Stored records:

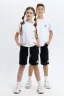 Шорты для мальчика и девочки прямого кроя с удобной посадкой на талии. У модели карманы в боковых швах. Пояс на резинке. Подойдут для занятия спортом и для прогулок.
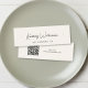 Elegante y de moda, tarjeta de visualización de zócalo y zócalo de color crema claro con un ambiente minimalista con tu nombre o marca exhibida en un guión elegante. En la parte posterior, introduzca una dirección URL para crear un código QR escaneado conectado a su sitio web, portafolio, perfil de medios sociales o cualquier otra plataforma que incluya sus diseños y productos, facilitando a los clientes la exploración de su marca y la conexión con usted.
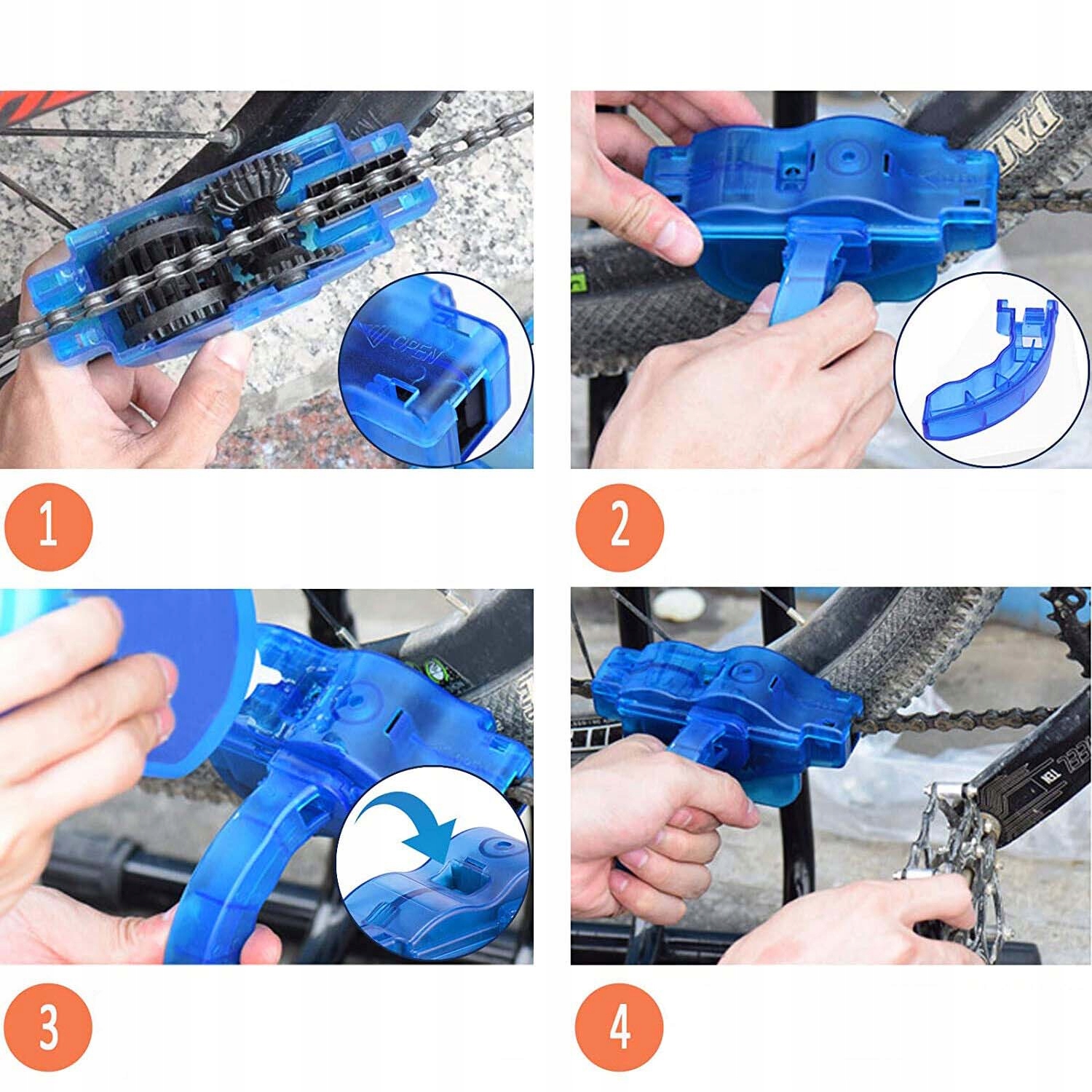🚲🚲 【Подходит для всех типов велосипедов】Велосипед Очиститель цепи эффективен для очистки цепи велосипедов с переключателями и без них (в том числе городских, гоночных, горных, трекинговых и других).
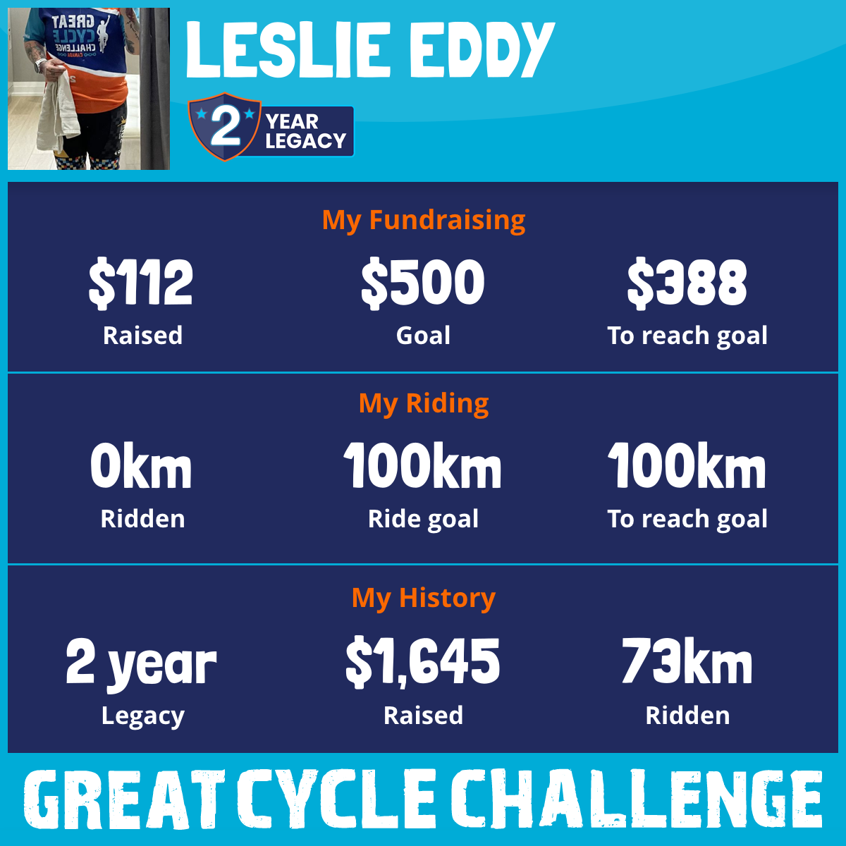 73 km Ridden$1,533 Raised2024
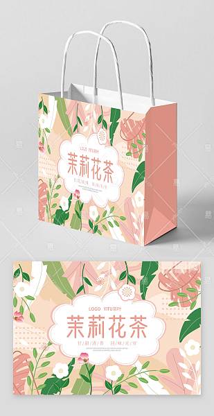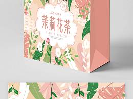 粉色简约大气卡通插画风茉莉花茶花茶包装茶叶包装花茶包装礼盒
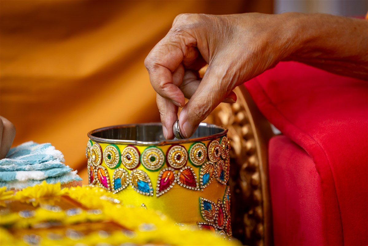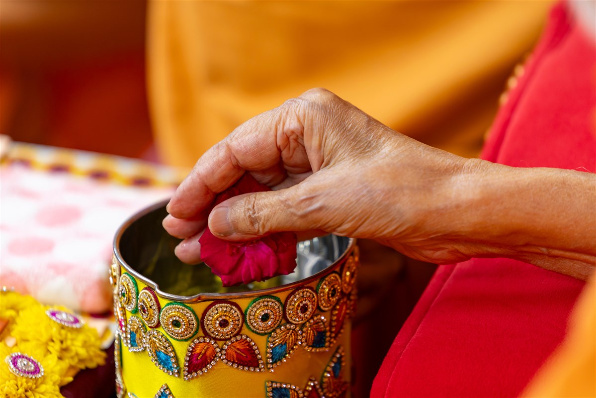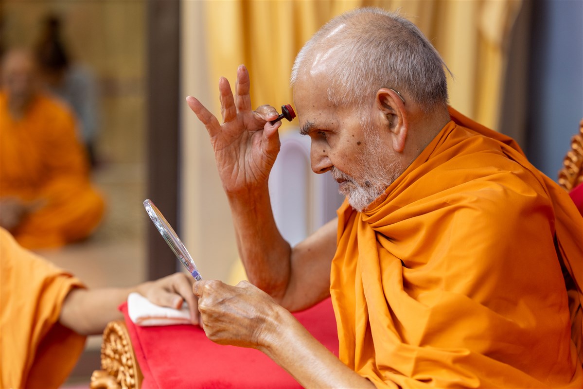 Swamishri sanctifies water with the holy relics of Bhagwan Swaminarayan and the Guru Parampara
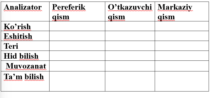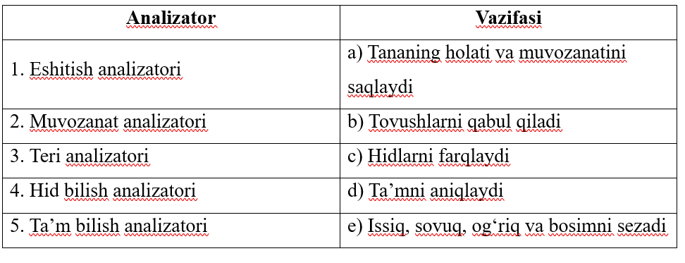 4-topshiriq Quyidagi analizatorlarni ularning vazifalari bilan moslashtiring
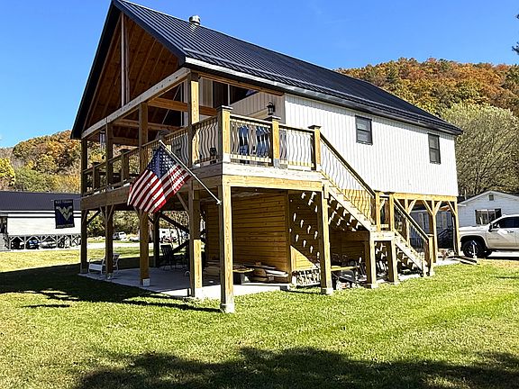 Best of both worlds-on the Greenbrier River and downtown Marlinton. Beautiful newly constructed 3 BR, 2 bath 1.5 story cottage features an open floor plan, river views, natural wood throughout, woodburning fireplace, kitchen with granite countertops, 17X28 loft bedroom with half bath, first floor with 2 BR's and full bath, large laundry room, LVP floors, and 2 Mini splits for heat/AC. Bring the outside in with 2 sets of French doors leading to the covered deck. Lower patio is perfect entertainment area with big screen TV. Exterior is board and batten siding with a black metal roof and handsome matching handrail. 14 X14 storage underneath. 1400 sq ft of pure fun, quality construction and great location for hiking and biking on Greenbrier River Trail. Inviting residence or vacation rental Additional information for 228 1st Ave, Marlinton, WV 24954

> **EXERCISE AIM**: All that is wanted is the lines above between the one containing "Swamishri sanctifies water" and the one containing "4-topshiriq Quyidagi analizatorlarni", inclusive, restated word for word, with pictures omitted.

> **SOLVED EXERCISE**:
 Swamishri sanctifies water with the holy relics of Bhagwan Swaminarayan and the Guru Parampara
 4-topshiriq Quyidagi analizatorlarni ularning vazifalari bilan moslashtiring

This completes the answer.